Please give back word for word the lines of the material below between the line containing "Ekstra Uzun Kaşe" and the line containing "39,彩宝手链 红宝0.09ct 蓝宝0.08ct 祖母绿0.09ct 钻石0.8ct", inclusive.

Records to process:
- - - - -

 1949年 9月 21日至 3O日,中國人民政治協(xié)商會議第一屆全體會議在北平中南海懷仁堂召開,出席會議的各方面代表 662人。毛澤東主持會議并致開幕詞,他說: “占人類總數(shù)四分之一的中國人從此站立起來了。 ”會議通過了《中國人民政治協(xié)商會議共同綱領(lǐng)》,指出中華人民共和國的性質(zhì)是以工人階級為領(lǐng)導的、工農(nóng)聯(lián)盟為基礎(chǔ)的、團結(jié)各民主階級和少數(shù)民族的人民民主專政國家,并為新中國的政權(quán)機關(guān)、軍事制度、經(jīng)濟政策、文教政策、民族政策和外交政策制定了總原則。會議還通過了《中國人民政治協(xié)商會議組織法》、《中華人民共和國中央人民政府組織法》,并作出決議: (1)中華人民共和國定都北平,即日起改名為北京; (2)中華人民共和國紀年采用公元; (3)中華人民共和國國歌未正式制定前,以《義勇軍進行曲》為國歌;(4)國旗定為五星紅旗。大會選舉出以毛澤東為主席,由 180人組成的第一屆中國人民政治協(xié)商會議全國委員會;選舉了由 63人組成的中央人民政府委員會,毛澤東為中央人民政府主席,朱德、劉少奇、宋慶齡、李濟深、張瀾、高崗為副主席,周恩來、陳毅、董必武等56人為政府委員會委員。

- - - - -

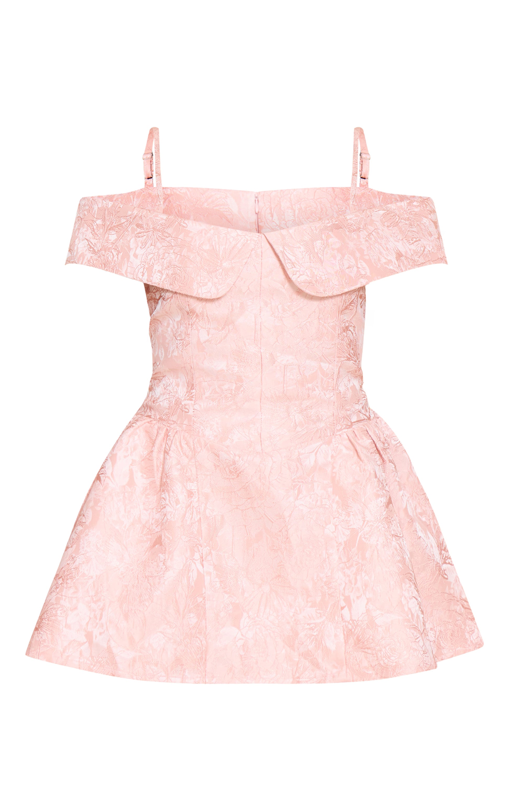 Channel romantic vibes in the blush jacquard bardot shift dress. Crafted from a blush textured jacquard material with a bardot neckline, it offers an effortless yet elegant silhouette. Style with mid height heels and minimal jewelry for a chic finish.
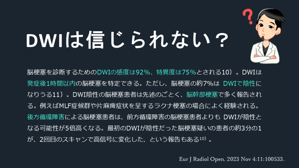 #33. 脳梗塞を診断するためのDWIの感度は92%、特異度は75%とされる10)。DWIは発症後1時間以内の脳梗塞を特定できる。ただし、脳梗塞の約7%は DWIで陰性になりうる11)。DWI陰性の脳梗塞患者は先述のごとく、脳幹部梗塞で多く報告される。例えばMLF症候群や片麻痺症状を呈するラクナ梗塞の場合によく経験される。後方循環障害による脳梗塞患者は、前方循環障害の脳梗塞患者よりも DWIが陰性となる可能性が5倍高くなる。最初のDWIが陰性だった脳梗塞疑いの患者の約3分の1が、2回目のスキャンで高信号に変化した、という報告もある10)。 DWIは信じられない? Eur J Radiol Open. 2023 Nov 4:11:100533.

- - - - -

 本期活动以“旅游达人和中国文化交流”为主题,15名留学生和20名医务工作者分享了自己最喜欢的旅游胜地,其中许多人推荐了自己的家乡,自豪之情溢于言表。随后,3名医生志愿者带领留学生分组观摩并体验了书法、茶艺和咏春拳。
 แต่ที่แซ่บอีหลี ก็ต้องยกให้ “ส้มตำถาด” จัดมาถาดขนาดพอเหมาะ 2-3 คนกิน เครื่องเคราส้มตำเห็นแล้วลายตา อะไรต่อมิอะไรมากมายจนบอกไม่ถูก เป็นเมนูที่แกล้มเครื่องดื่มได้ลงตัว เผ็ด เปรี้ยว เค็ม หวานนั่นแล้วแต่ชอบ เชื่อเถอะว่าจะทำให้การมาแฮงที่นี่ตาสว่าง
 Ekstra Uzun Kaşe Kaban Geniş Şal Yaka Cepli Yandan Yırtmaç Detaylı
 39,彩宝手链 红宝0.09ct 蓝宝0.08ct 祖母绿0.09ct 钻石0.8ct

- - - - -

Output for this task:
 Ekstra Uzun Kaşe Kaban Geniş Şal Yaka Cepli Yandan Yırtmaç Detaylı
 39,彩宝手链 红宝0.09ct 蓝宝0.08ct 祖母绿0.09ct 钻石0.8ct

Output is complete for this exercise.